What is required -
Starting from the top of the entries below and ending with the line containing "Children show their", restate every line word for word, pictures omitted.

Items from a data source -
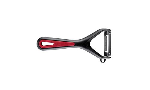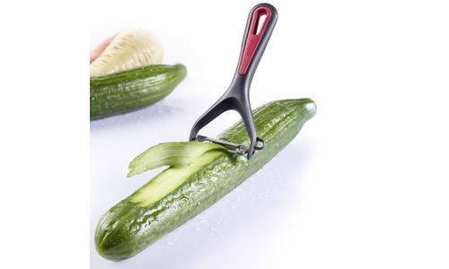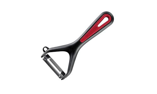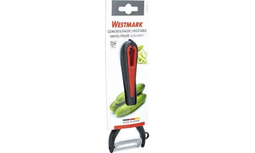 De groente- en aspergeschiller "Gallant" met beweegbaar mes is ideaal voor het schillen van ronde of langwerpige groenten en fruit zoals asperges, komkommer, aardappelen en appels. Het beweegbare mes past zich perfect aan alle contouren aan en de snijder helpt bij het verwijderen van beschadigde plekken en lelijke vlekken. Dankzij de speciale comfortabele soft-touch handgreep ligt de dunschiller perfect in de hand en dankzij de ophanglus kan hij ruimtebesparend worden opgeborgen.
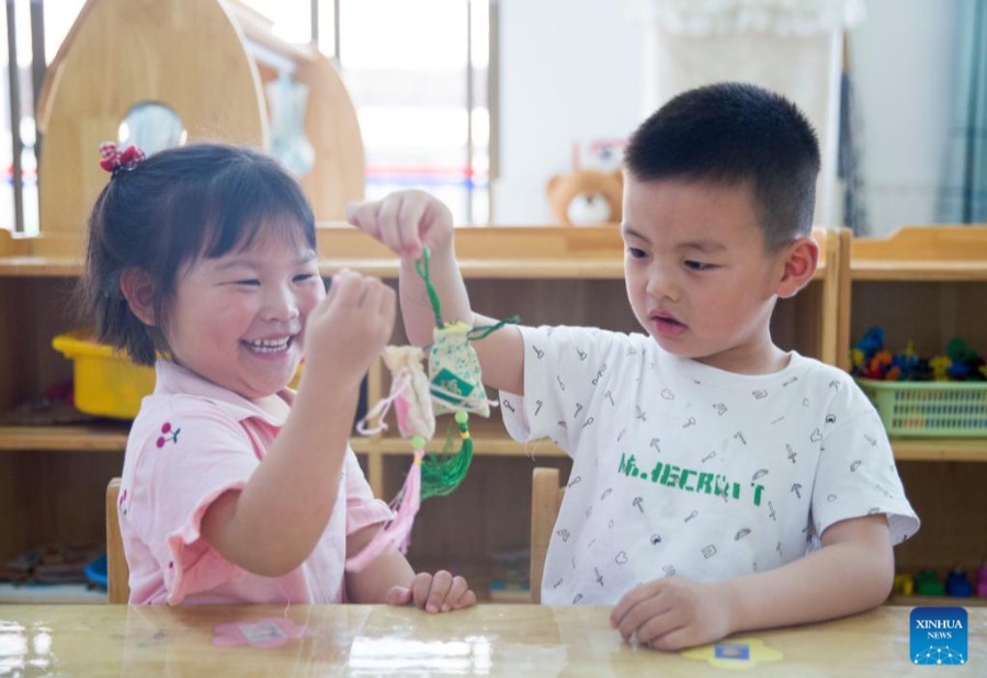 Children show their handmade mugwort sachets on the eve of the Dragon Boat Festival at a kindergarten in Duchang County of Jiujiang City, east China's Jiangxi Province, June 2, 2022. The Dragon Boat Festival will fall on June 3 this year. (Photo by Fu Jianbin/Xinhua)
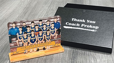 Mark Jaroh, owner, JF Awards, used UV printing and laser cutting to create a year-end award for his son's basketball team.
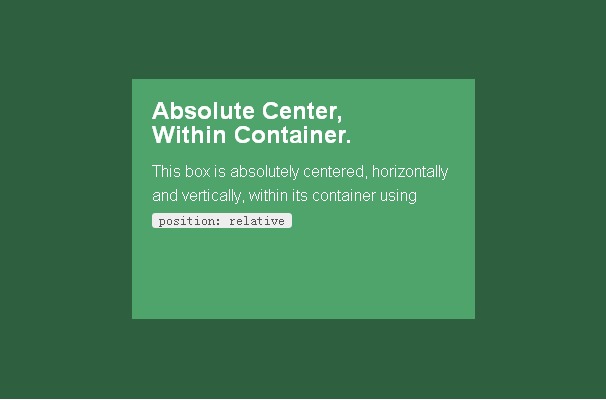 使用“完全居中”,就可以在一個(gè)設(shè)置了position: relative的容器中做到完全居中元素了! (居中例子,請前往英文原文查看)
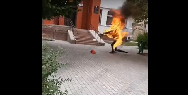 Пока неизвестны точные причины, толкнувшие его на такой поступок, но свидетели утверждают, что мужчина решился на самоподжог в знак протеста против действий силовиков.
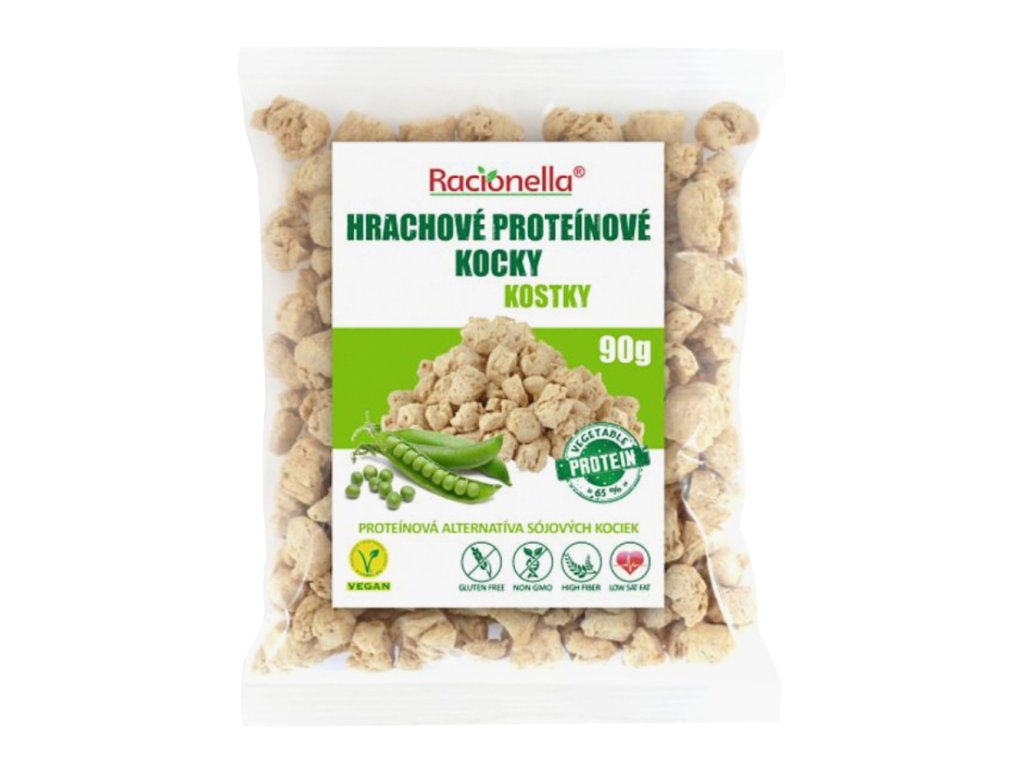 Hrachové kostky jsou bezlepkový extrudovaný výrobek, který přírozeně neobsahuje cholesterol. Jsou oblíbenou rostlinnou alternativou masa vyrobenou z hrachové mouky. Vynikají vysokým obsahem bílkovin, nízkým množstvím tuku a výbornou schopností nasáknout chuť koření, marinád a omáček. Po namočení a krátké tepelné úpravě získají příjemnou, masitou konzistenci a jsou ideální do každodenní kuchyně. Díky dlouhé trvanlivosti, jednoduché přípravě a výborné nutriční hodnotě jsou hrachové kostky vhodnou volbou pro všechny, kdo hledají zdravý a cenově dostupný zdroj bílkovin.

Exercise solution -
 De groente- en aspergeschiller "Gallant" met beweegbaar mes is ideaal voor het schillen van ronde of langwerpige groenten en fruit zoals asperges, komkommer, aardappelen en appels. Het beweegbare mes past zich perfect aan alle contouren aan en de snijder helpt bij het verwijderen van beschadigde plekken en lelijke vlekken. Dankzij de speciale comfortabele soft-touch handgreep ligt de dunschiller perfect in de hand en dankzij de ophanglus kan hij ruimtebesparend worden opgeborgen.
 Children show their handmade mugwort sachets on the eve of the Dragon Boat Festival at a kindergarten in Duchang County of Jiujiang City, east China's Jiangxi Province, June 2, 2022. The Dragon Boat Festival will fall on June 3 this year. (Photo by Fu Jianbin/Xinhua)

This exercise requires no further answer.